In Daugerdas v. Commissioner (T.C. Dkt.7350-20L Order Dated
8/11/21), here, the Tax Court (Judge Goeke) in addressed some issues arising in
a CDP proceeding arising from a lien filing related to a restitution-based
assessment (“RBA”) under § 6201(a)(4) for tax loss arising from Title 18 crimes
of conviction. Long-term readers of this
blog may recognize the petition, Paul M. Daugerdas. A link to posts mentioning Daugerdas is here
(sorted by relevance but can be sorted in reverse chronological order).
I find the order confusing so I will try to work
through the order adding some of my own nuance (at the risk of further confusion).

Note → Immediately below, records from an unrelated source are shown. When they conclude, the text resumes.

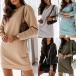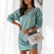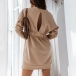 Sexy Backless Long Sleeve Round Neck Solid Color Dress
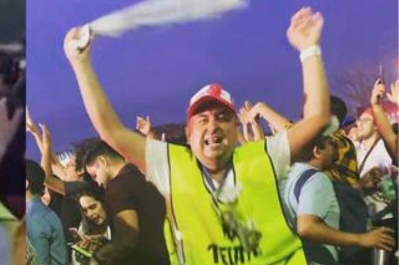 El "cubetero" se mostró muy animado, pues mientras vendía, destapaba cervezas y las servía, coreaba las canciones con una gran sonrisa y un entusiasmo único, incluso sacó un trapo cuando los argentinos cantaron su canción más sonada Kilómetros.
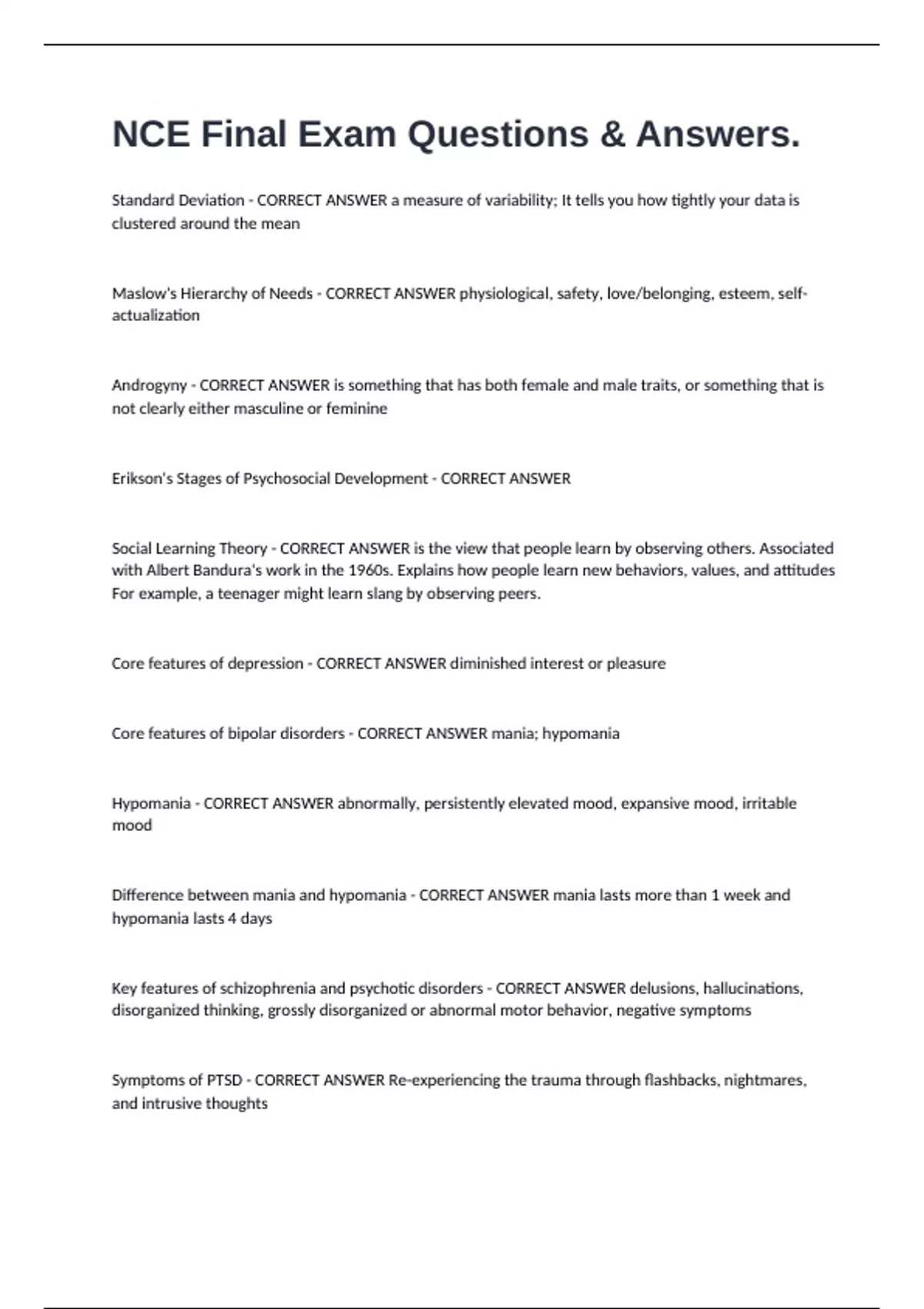 Difference between mania and hypomania - CORRECT ANSWER mania lasts more than 1 week and

I caution readers that I am confused about some of the Order and may be
missing the point in some of my comments.
Nevertheless here is my best shot at working through the order. I find it very difficult to summarize in
fewer words in a meaningful way.
Judge Goeke summarizes Daugerdas’ relevant trajectory as follows
(Order 1-2):
For more
than a decade beginning in the early 1990s, petitioner, a former tax attorney,
designed, sold, and implemented fraudulent tax shelters to his clients to
enabled them to evade tax. In October
2013 he was convicted in the U.S. District Court for the Southern District of
New York on mail fraud, obstruction of the administration of the internal
revenue laws, four counts of client tax evasion, and conspiracy to defraud the
United States. United States v. Daugerdas, 837 F.2d 212, 218 (2nd Cir. 2016).

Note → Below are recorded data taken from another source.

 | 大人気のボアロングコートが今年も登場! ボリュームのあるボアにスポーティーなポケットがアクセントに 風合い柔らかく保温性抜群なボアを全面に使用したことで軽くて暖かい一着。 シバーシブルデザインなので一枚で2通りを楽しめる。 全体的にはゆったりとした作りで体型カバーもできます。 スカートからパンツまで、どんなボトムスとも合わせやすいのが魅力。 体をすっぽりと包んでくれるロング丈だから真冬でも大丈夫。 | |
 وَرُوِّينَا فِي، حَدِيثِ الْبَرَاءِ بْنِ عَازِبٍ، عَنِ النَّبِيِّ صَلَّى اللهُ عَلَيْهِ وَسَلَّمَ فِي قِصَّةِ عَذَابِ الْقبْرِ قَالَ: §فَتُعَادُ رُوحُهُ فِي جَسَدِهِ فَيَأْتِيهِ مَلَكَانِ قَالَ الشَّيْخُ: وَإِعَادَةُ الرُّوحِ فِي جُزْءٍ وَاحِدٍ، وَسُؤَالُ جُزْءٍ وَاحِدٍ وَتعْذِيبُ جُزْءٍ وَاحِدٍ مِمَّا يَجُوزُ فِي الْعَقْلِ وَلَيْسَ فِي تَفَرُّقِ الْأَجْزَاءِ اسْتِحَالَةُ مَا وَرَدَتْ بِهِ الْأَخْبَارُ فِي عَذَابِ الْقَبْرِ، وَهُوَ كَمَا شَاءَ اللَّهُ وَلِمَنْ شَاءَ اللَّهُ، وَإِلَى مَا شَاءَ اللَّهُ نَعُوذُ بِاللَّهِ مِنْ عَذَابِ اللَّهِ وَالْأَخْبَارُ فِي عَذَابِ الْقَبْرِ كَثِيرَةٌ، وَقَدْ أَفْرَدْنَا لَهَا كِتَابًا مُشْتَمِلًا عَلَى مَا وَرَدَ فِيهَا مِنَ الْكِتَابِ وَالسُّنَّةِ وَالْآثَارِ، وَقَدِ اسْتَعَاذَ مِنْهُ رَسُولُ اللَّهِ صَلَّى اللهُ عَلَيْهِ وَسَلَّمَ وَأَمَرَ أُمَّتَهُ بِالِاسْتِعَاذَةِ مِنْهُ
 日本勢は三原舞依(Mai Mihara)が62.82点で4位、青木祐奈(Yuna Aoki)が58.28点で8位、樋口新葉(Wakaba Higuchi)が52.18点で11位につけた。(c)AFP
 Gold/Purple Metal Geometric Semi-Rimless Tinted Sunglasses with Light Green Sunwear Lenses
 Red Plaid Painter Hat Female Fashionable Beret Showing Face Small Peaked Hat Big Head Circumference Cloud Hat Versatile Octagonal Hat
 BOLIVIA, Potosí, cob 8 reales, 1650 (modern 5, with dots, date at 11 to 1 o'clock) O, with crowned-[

He was acquitted of tax evasion for his personal income tax. At a sentencing
hearing on June 25, 2014, the District Court sentenced petitioner to 180 months
incarceration, 3 years of supervised release, restitution of $371,006,397, and
preliminary forfeiture of $164,737,500 of petitioner’s assets.
Petitioner agreed to the
restitution calculations submitted by the Government, and the District Court
adopted those calculations. At the sentencing hearing, the District Court
stated that the restitution pursuant to the Mandatory Victims Restitution Act (MVRA)

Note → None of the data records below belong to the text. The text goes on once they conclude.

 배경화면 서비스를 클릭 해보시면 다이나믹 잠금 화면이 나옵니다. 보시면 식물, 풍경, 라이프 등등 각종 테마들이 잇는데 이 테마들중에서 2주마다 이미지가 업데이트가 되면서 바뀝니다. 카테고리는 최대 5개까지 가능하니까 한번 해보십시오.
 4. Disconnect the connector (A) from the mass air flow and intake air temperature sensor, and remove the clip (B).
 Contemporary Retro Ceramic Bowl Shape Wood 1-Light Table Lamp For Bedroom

and named the IRS as petitioner’s victim. It did not address a payment schedule
or expressly state whether payment was due immediately. Addressing how to
portion the restitution among petitioner and his co-defendants, it stated that
petitioner is “responsible for the full amount of restitution” and made him
jointly and severally liable with his co-defendants for $258.6 million of the
restitution. The Court noted that petitioner had criminal proceeds of $97
million, i.e., tax shelter fees.
The IRS then made a § 6201(a)(4) assessment. That provision is:
(4) Certain orders of criminal restitution
(A)In general. The Secretary shall assess and collect the amount of restitution
under an order pursuant to section 3556 of title 18, United States Code, for
failure to pay any tax imposed under this title in the same manner as if such
amount were such tax.
(B)Time of assessment. An assessment of an amount of restitution under an order
described in subparagraph (A) shall not be made before all appeals of such
order are concluded and the right to make all such appeals has expired.
(C)Restriction on challenge of assessment. The amount of such restitution may
not be challenged by the person against whom assessed on the basis of the
existence or amount of the underlying tax liability in any proceeding
authorized under this title (including in any suit or proceeding in court
permitted under section 7422).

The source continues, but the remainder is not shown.